Augusto Palacios

Personal information
- Full name: Ángel Augusto Palacios Valdivieso
- Date of birth: 23 December 1951 (age 74)
- Place of birth: Lima, Peru
- Position: Forward

Senior career*
- Years: Team / Apps / (Gls)
- 1970–1971: Deportivo Olímpico / 15 / (0)
- 1971–1974: Sporting Cristal / 28 / (3)
- 1975–1976: Alianza Lima / 16 / (2)
- 1977–1978: Juan Aurich / 12 / (3)
- 1978: Deportivo Municipal / 19 / (7)
- 1979–1980: Cartaginés / 20 / (6)
- 1980–1982: Caroline Hill / 36 / (12)
- 1982: KTP / 29 / (9)
- 1983: Deportivo Táchira / 10 / (3)
- 1983: Sport Boys / 7 / (2)
- 1983–1984: Kickers Offenbach / 3 / (0)
- 1984: Sport Boys / 20 / (9)
- 1984–1989: Witbank Aces / 65 / (20)
- 1986: → Canberra City (loan) / 16 / (4)
- 1990: AmaZulu / 22 / (1)
- 1991: Manning Rangers / 30 / (8)
- Total:  / 337 / (87)

International career
- 1972–1981: Peru / 6 / (0)

Managerial career
- 1981: Hong Kong (women)
- 1987: Sport Boys
- 1990: Kaizer Chiefs
- 1992–1994: South Africa
- 1994: Gençlerbirliği
- 1995: Kaizer Chiefs
- 1995: Moroka Swallows
- 1996: Juan Aurich
- 1996–2012: Orlando Pirates (Director of Football)
- 2012: Orlando Pirates
- 2016–2017: Orlando Pirates

= Augusto Palacios =

Peruvian footballer (born 1951)

Augusto Palacios (born 23 December 1951) is a Peruvian football coach and a former football player. He's been recently coaching South African club Orlando Pirates in the Premier Soccer League.

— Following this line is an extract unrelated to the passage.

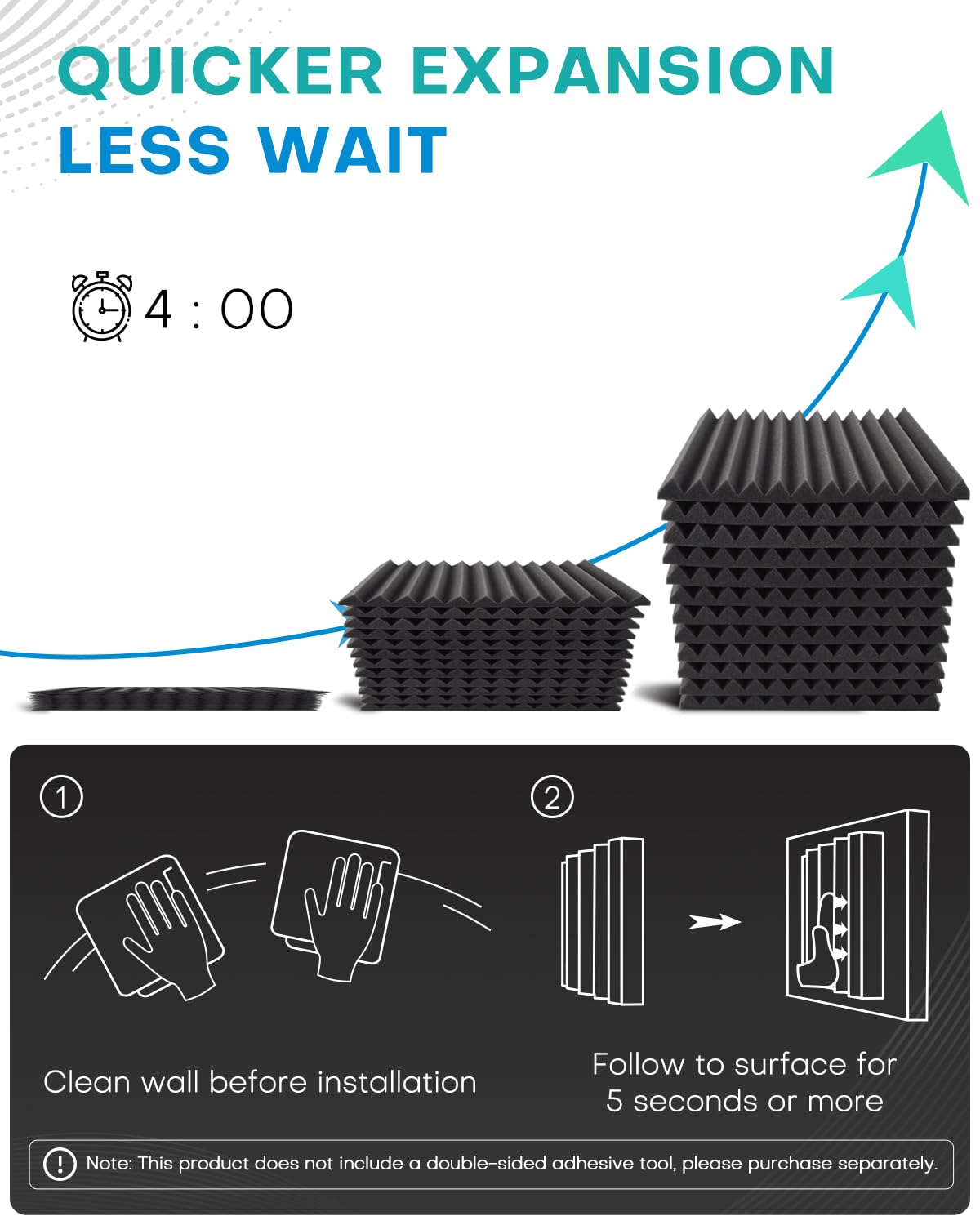 ODOR FREE & COST EFFECTIVE OPTION – Our 1 inch cost effective noise cancelling foam panels are better suited for large areas of the studio and are non-toxic and odor free to affect your work. PLEASE NOTE: This product does not include a double-sided adhesive tool, please purchase separately.

During his years as a professional footballer he played for a number of clubs in Peru, Costa Rica, Hong Kong, Venezuela, Finland, West-Germany, South Africa and Australia. He also played six internationals for the Peru national team.

Augusto Palacios has previously managed clubs in South Africa, Peru and Turkey as well as the Hong Kong women's national team and the South Africa national team.